Preemptive lockdowns are mostly of shorter durations and are usually very localised in nature, covering only a very specific area that could turn out to be sensitive in the short term.
- Emergency lockdown
An emergency lockdown, on the other hand, as the name indicates, happens without any prior notice and is decided upon keeping the scale of the crisis in mind. Almost all the countries that have gone into a lockdown over the prevailing Covid-19 pandemic have done so in the emergency mode.
When did lockdown become an effective deterrence tool?
While lockdown, as a term, has been in use in English since the late 19th century, its execution as a precaution against or as a response to an arising emergency situation gained popularity primarily in the United States in the late 1970s, in Southern California, in response to drive-by shootings or to counter street crimes occurring outside school buildings.
Interestingly, the strategy of a lockdown was initiated primarily as a quick-response to external threats to a school building. But later on, the focus of this fire-fighting strategy was met with major revamp and rethink as its shortcomings became all too clear to counter threats from within a school building, where the shooter is present within the perimeter fencing or, in the worst-case scenario, inside a classroom.

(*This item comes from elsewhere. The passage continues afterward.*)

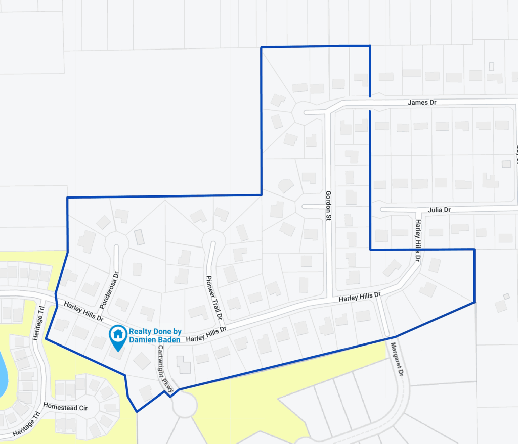 The single-family homes of Harley Hills Estates begin east of Heritage Trl.

Can lockdowns halt a pandemic?
Around mid-January, when Beijing announced it was locking down Wuhan, a city of 11 million people, in view of the fast-spreading novel coronavirus, it was the largest instance of a lockdown until then. Many had doubts about the viability of such a measure involving such a large population mass.

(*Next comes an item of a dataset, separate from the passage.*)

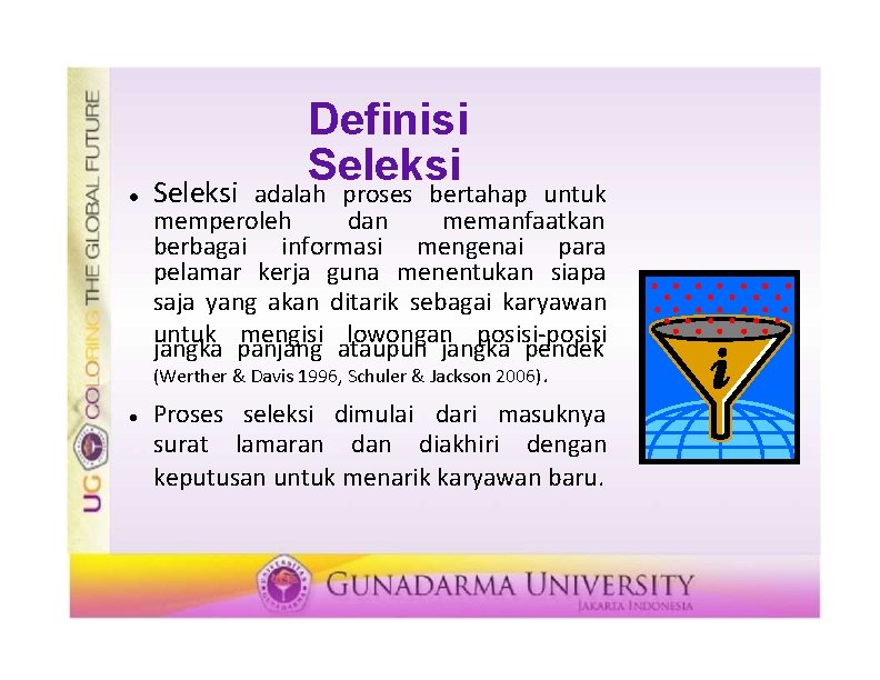 Seleksi Definisi Seleksi adalah proses bertahap untuk memperoleh dan memanfaatkan berbagai informasi mengenai para pelamar kerja guna menentukan siapa saja yang akan ditarik sebagai karyawan untuk mengisi lowongan posisi-posisi jangka panjang ataupun jangka pendek (Werther & Davis 1996, Schuler & Jackson 2006). Proses seleksi dimulai dari masuknya surat lamaran diakhiri dengan keputusan untuk menarik karyawan baru.

According to the Guardian, about two months later, on March 19, when China reported its first day without a single positive case of a local transmission of the virus, the Wuhan lockdown’s efficacy was proved beyond doubt. Just two weeks later, India went a step ahead, announcing a countrywide lockdown for its 1.3 billion people – the biggest lockdown in human history.
The study conducted by Imperial College London shows that without any lockdown, United Kingdom and the United States would reach peak mortality in about three months. Meaning, that in about three months’ time, 81 per cent of the population of UK and US would be infected by coronavirus, with the death toll reaching 510,000 in UK and 2.2 million in the US.
In contrast, by isolating the confirmed and suspected cases and by ensuring some degree of social distancing and critical-care for the elderly and the most vulnerable, ‘the peak critical-care demand’ could be reduced by two-thirds in these two countries.
After lockdown, what next
Epidemiologists have warned time and again that a lockdown can serve as a fool-proof measure against disease transmission only when backed up by aggressive screening of not just symptomatic, but even asymptomatic people. Here, countries with limited financial resources and poor health-care infrastructure have a tight rope to walk.
One the one hand aggressive tests are necessary; while on the other, there could be an acute shortage of medical kits to conduct those tests, which will most definitely call for some discretion in conducting those tests. Effective containment measures, followed by aggressive testing can help achieve what is known as ‘flattening the curve’ – reducing the number of positive cases.
Striking the right balance between quarantine measures and maximum possible screenings for the maximum numbers is the next big challenge to fight this contagion.